Traffic pollution - measuring the real damage

September 21, 2005
Traffic pollution - measuring the real damage

Traffic fumes from individual vehicles are decreasing every year as engines become cleaner, but there are more vehicles on the road and the number continues to grow. The long term effects of living in urban areas and breathing in traffic fumes is widely studied, particularly in cities such as Athens and Los Angeles, where there is a lot of sunlight and not much air movement, resulting in photochemical smog from traffic fumes and industrial gases hanging in the air.

Image: Transmission Electron Microscope image of a diesel particle courtesy of K. Park, F. Cao, D. Kittelson, and P. McMurry

In the 1970's the Harvard Six Cities Study looked at morbidity and mortality and the correlation with diesel and gasoline particle levels in the environment and found a correlation which subsequent studies have born out.

In an urban environment typically 60-70% of the particles that we breathe in are from diesel or gasoline engines. Millions of particles are taken into our lungs with every breath we take, most of these pass back out again when we breathe out. The particles that are not exhaled travel in the human body, passing from the "air side" to the "fluid side" very quickly. Research elsewhere is being carried out to find out more about the tiny diesel particles that are able to travel through the lung walls into the bloodstream, what the body does with them and what the long term damage might be.

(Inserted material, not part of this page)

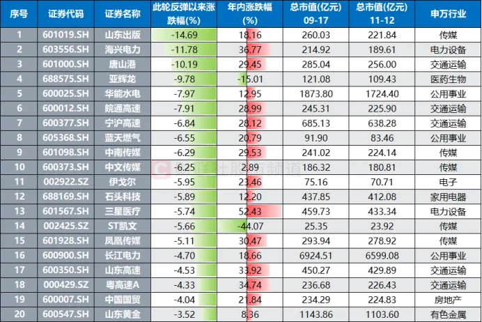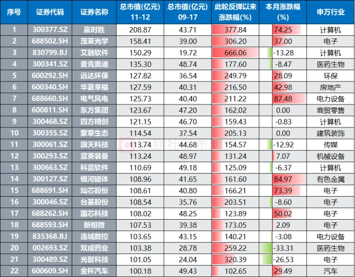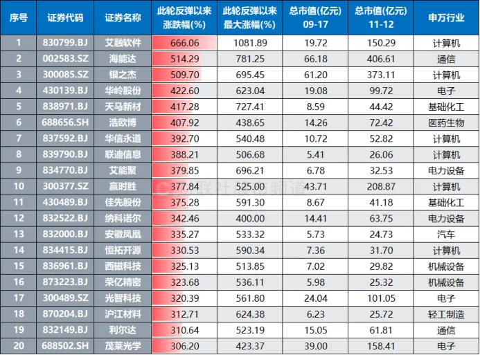 财联社11月12日讯(编辑 梓隆),自9月18日以来,市场已历经近2个月的反弹行情,克制本日(11月12日)收盘,不盘算新股情况,A股在这35个生意业务日期间平均上涨近50.9%,中位数涨幅近40.3%。此中,期间获翻倍涨幅的个股共有445只,占整个A股数量的8.3%。 六大板块年线仍跌,破净股数量降六成 受近期市场持续生动提振,告急指数均在此轮反弹行情中迎来较大修复。以9月18日至今行情统计,北证50、科创50、创业板指表现尤其亮眼,涨幅分别达126.5%、60.4%、55.7%,而红利指数、上证指数反弹幅度相对靠后。规模指数方面,中证2000、国证2000、中证1000指数表现优于权重股指数,但从整年行情上看,上证50、沪深300等大盘股指数仍涨幅居前。 注:市场告急指数此轮反弹及年内涨跌幅(克制11月12日收盘)行业(申万一级)指数方面,在此轮反弹期间,31个板块均迎来上涨行情,此中,盘算机、电子、非银金融、房地产、商贸零售为涨幅居前的五大板块,而公用奇迹、石油石化、煤炭的板块涨幅相对靠后。若从整年行情统计,如今仍有6个板块指数依旧年线收跌,分别为纺织服饰、医药生物、农林牧渔、食品饮料、轻工制造、综合板块,此中,纺织服饰板块跌幅显着。 注:行业板块指数此轮反弹及年内涨跌幅(克制11月12日收盘)别的,从市场破净股数量统计,克制本日收盘,剔除市净率为负值的公司且不盘算近期上市新股,如今仅有350只个股市盈率不敷1倍,较之9月18日时(861股)镌汰幅度靠近6成。同时,市场低价股近期数量也大幅降落,以本日收盘价统计,如今股价不敷5元的个股共659只,较之9月18日时(1284股)镌汰近48.7%,其在A股中的占比也由此前的24%降至如今的12.3%。 注:中证全指年内市净率(克制11月12日数据)60余股涨幅超2倍,部分标的逆向收跌 详细个股来看,克制本日收盘,不盘算新股情况,在此轮反弹行情中,累计共有445股涨幅翻倍,62只个股涨幅在2倍及以上。此中,艾融软件以6.66的涨幅暂居A股第一,其区间最大涨幅一度录得10.81倍,海能达、银之杰、华岭股份、天马新材、浩欧博等股也是近期的“人气标的”,其期间涨幅均在4倍以上,华信永道、联迪信息、艾能聚等股近期也表现生动。 注:此轮反弹以来涨幅居前的个股(克制11月12日收盘)受近期股价大涨影响,不少小微盘股乐成“鲤鱼跃龙门”,化身成百亿市值的大盘标的。详细数据来看,在此轮反弹行情前夕(9月17日),市场共有近3300只个股总市值不敷50亿元,而如今数量已降至2500股,累计镌汰近800股,降幅近24%,此中,22股如今总市值已超100亿元,赢时胜唯一总市值超200亿元。在这些个股中,创业板股数量较多,其占比靠近一半。 注:此轮反弹行情中总市值从不敷50亿元跃升至百亿元的个股(克制11月12日收盘)别的,从涨幅分布层级上看,在此轮反弹行情中,大部分标的告急会合在20%至60%涨幅区间,其个股数量近3500只,合计占比近65%。不过,仍有36只个股在此轮反弹行情中逆向收跌,此中,山东出书、海兴电力、唐山港3股跌幅均在一成以上,若从市值角度来看,中国石化、长江电力、华能水电、中煤能源、国投电力、山东黄金共6只千亿市值股也位列收跌股中。 注:此轮反弹行情中个股涨跌幅分布情况(克制11月12日收盘)注:此轮行情中收跌且跌幅居前的个股(克制11月12日收盘)(财联社 梓隆) |
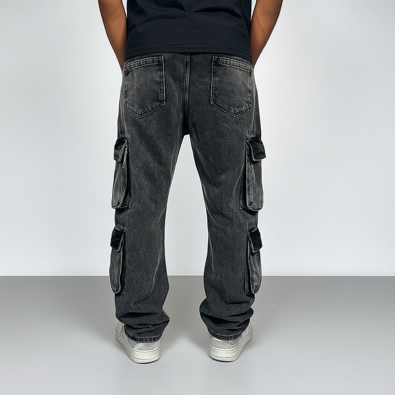 Modelo Novo Calça Cargo Masculina Jeans Preto Lavado Estonado Original Reta Solta 8 Bolsas

Here in the Department Professor Nick Collings and his student Jason Olfert are working on a new method to measure extremely tiny particles in exhaust gas. Vehicle engines continue to be designed to be cleaner and the particles that need to be measured are extremely small. The old method of analysing vehicle exhaust fumes would be to pass exhaust gas through a filter, weighing it both before and after. This method is not relevant for tomorrow's cleaner engines since there is too little mass collected to be reliably measured.

The tiny particles are given an electrical charge and they are then passed through a centrifugal machine that Nick and Jason have designed and built, that will separate the particles depending on their mass and the amount of electrical charge that they are carrying. Particles of the same mass-to-charge ratio can be separated using the machine and the particles can then be counted with an optical detector. Being able to measure the number and mass across the particle size range (approximately 5nm - 200nm) will help to better characterise, and more reliably measure the quantity of, the particle emissions from engines. While the precise mechanisms by which particles damage health remain unclear, it is important to measure the differentiating characteristics, and thus help the epidemiologists to disentangle cause and effect, followed by more cost-effective legislative action.